● **Exercise description**
Give back each line below verbatim.
+ + + + +
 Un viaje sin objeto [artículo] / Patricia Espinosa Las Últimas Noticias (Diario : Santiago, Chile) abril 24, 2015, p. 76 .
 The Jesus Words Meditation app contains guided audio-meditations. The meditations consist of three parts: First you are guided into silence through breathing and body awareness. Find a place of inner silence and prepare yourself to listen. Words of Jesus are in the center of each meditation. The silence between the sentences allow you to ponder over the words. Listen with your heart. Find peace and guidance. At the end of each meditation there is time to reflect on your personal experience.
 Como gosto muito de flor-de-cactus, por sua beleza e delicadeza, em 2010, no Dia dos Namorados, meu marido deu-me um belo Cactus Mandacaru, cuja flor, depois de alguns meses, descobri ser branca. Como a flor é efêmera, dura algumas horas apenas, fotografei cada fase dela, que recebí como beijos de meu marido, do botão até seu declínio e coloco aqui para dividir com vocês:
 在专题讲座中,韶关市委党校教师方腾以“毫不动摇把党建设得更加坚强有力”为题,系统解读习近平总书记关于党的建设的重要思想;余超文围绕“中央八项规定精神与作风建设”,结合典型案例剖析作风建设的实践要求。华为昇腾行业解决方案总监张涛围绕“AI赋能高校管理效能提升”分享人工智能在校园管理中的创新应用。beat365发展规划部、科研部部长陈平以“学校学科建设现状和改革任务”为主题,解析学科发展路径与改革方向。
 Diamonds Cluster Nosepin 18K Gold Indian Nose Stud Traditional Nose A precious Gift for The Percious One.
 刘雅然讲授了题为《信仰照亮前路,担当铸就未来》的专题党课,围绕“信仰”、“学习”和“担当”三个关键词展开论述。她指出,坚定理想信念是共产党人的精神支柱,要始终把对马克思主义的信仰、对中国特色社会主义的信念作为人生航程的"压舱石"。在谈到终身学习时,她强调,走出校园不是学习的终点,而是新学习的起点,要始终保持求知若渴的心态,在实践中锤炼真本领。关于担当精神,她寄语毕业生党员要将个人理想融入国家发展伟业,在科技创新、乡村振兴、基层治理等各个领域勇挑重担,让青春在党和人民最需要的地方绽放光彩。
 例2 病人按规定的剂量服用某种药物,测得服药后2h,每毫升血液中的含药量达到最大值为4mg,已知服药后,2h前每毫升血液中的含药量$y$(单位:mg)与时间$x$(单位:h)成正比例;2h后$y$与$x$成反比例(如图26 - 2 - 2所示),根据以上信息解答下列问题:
+ + + + +
● **Answer for this exercise**
 Un viaje sin objeto [artículo] / Patricia Espinosa Las Últimas Noticias (Diario : Santiago, Chile) abril 24, 2015, p. 76 .
 The Jesus Words Meditation app contains guided audio-meditations. The meditations consist of three parts: First you are guided into silence through breathing and body awareness. Find a place of inner silence and prepare yourself to listen. Words of Jesus are in the center of each meditation. The silence between the sentences allow you to ponder over the words. Listen with your heart. Find peace and guidance. At the end of each meditation there is time to reflect on your personal experience.
 Como gosto muito de flor-de-cactus, por sua beleza e delicadeza, em 2010, no Dia dos Namorados, meu marido deu-me um belo Cactus Mandacaru, cuja flor, depois de alguns meses, descobri ser branca. Como a flor é efêmera, dura algumas horas apenas, fotografei cada fase dela, que recebí como beijos de meu marido, do botão até seu declínio e coloco aqui para dividir com vocês:
 在专题讲座中,韶关市委党校教师方腾以“毫不动摇把党建设得更加坚强有力”为题,系统解读习近平总书记关于党的建设的重要思想;余超文围绕“中央八项规定精神与作风建设”,结合典型案例剖析作风建设的实践要求。华为昇腾行业解决方案总监张涛围绕“AI赋能高校管理效能提升”分享人工智能在校园管理中的创新应用。beat365发展规划部、科研部部长陈平以“学校学科建设现状和改革任务”为主题,解析学科发展路径与改革方向。
 Diamonds Cluster Nosepin 18K Gold Indian Nose Stud Traditional Nose A precious Gift for The Percious One.
 刘雅然讲授了题为《信仰照亮前路,担当铸就未来》的专题党课,围绕“信仰”、“学习”和“担当”三个关键词展开论述。她指出,坚定理想信念是共产党人的精神支柱,要始终把对马克思主义的信仰、对中国特色社会主义的信念作为人生航程的"压舱石"。在谈到终身学习时,她强调,走出校园不是学习的终点,而是新学习的起点,要始终保持求知若渴的心态,在实践中锤炼真本领。关于担当精神,她寄语毕业生党员要将个人理想融入国家发展伟业,在科技创新、乡村振兴、基层治理等各个领域勇挑重担,让青春在党和人民最需要的地方绽放光彩。
 例2 病人按规定的剂量服用某种药物,测得服药后2h,每毫升血液中的含药量达到最大值为4mg,已知服药后,2h前每毫升血液中的含药量$y$(单位:mg)与时间$x$(单位:h)成正比例;2h后$y$与$x$成反比例(如图26 - 2 - 2所示),根据以上信息解答下列问题:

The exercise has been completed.